=== Data segment ===
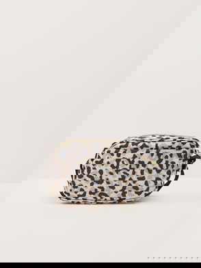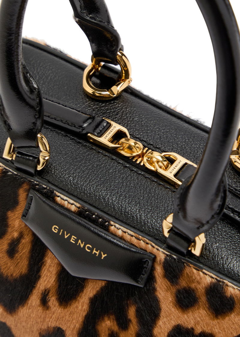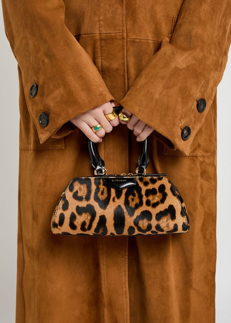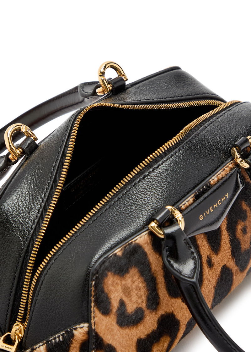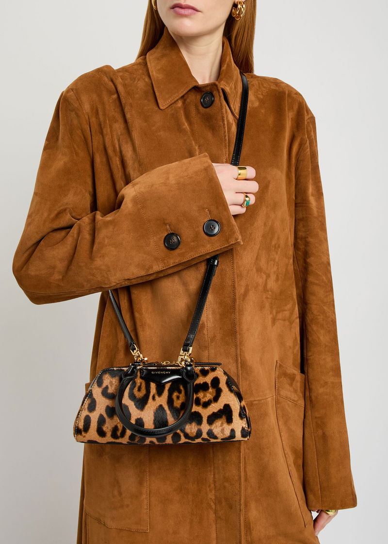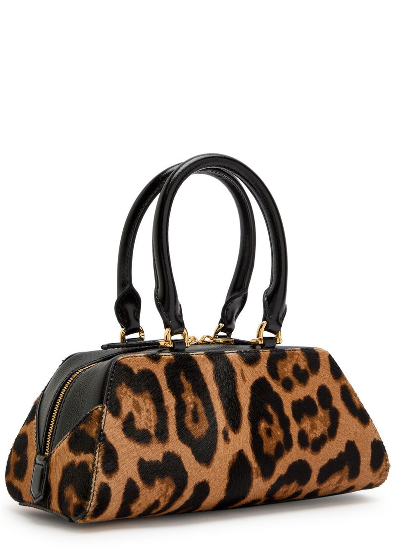Two top handles, detachable adjustable shoulder strap, leopard print calf hair, designer plaque, designer-engraved hardware, fully lined.
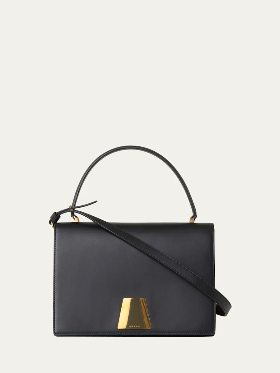 Akris "Alice" crossbody bag in leather Top handle Detachable, adjustable crossbody strap Can be worn as a top handle or crossbody bag Flap top with magnetic closure Divided compartment interior; one zip pocket Approx. 5.1"H x 7.2"W x 4.8"D Spot clean Made in Romania Online Inquiries: BGS21_V6ELF| Store Inquiries: #4945328
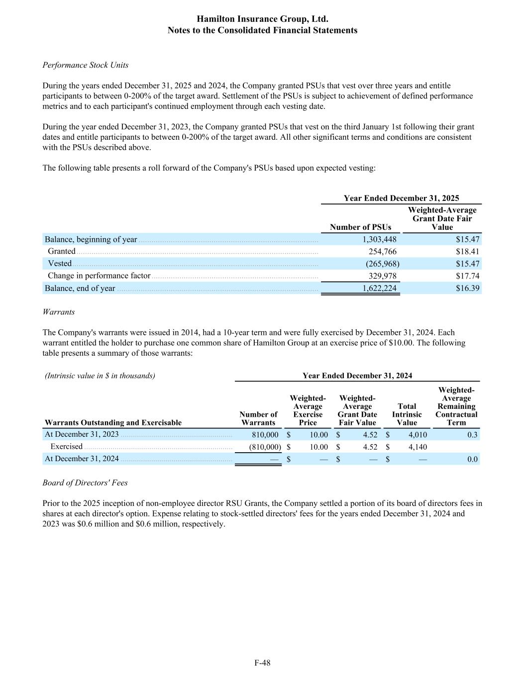 Performance Stock Units During the years ended December 31, 2025 and 2024, the Company granted PSUs that vest over three years and entitle participants to between 0-200% of the target award. Settlement of the PSUs is subject to achievement of defined performance metrics and to each participant's continued employment through each vesting date. During the year ended December 31, 2023, the Company granted PSUs that vest on the third January 1st following their grant dates and entitle participants to between 0-200% of the target award. All other significant terms and conditions are consistent with the PSUs described above. The following table presents a roll forward of the Company's PSUs based upon expected vesting: Year Ended December 31, 2025 Number of PSUs Weighted-Average Grant Date Fair Value Balance, beginning of year .................................................................................... 1,303,448 $15.47 Granted ................................................................................................................. 254,766 $18.41 Vested ................................................................................................................... (265,968) $15.47 Change in performance factor .............................................................................. 329,978 $17.74 Balance, end of year .............................................................................................. 1,622,224 $16.39 Warrants The Company's warrants were issued in 2014, had a 10-year term and were fully exercised by December 31, 2024. Each warrant entitled the holder to purchase one common share of Hamilton Group at an exercise price of $10.00. The following table presents a summary of those warrants: (Intrinsic value in $ in thousands) Year Ended December 31, 2024 Warrants Outstanding and Exercisable Number of Warrants Weighted- Average Exercise Price Weighted- Average Grant Date Fair Value Total Intrinsic Value Weighted- Average Remaining Contractual Term At December 31, 2023 ....................................................... 810,000 $ 10.00 $ 4.52 $ 4,010 0.3 Exercised ......................................................................... (810,000) $ 10.00 $ 4.52 $ 4,140 At December 31, 2024 ....................................................... — $ — $ — $ — 0.0 Board of Directors' Fees Prior to the 2025 inception of non-employee director RSU Grants, the Company settled a portion of its board of directors fees in shares at each director's option. Expense relating to stock-settled directors' fees for the years ended December 31, 2024 and 2023 was $0.6 million and $0.6 million, respectively. Hamilton Insurance Group, Ltd. Notes to the Consolidated Financial Statements F-48

=== Problem requirements ===
Starting at the first line of the material, output exactly the lines up to and including the one with "Store Inquiries: #4945328". Do not include the pictures.

=== Solution to the exercise ===
Two top handles, detachable adjustable shoulder strap, leopard print calf hair, designer plaque, designer-engraved hardware, fully lined.
 Akris "Alice" crossbody bag in leather Top handle Detachable, adjustable crossbody strap Can be worn as a top handle or crossbody bag Flap top with magnetic closure Divided compartment interior; one zip pocket Approx. 5.1"H x 7.2"W x 4.8"D Spot clean Made in Romania Online Inquiries: BGS21_V6ELF| Store Inquiries: #4945328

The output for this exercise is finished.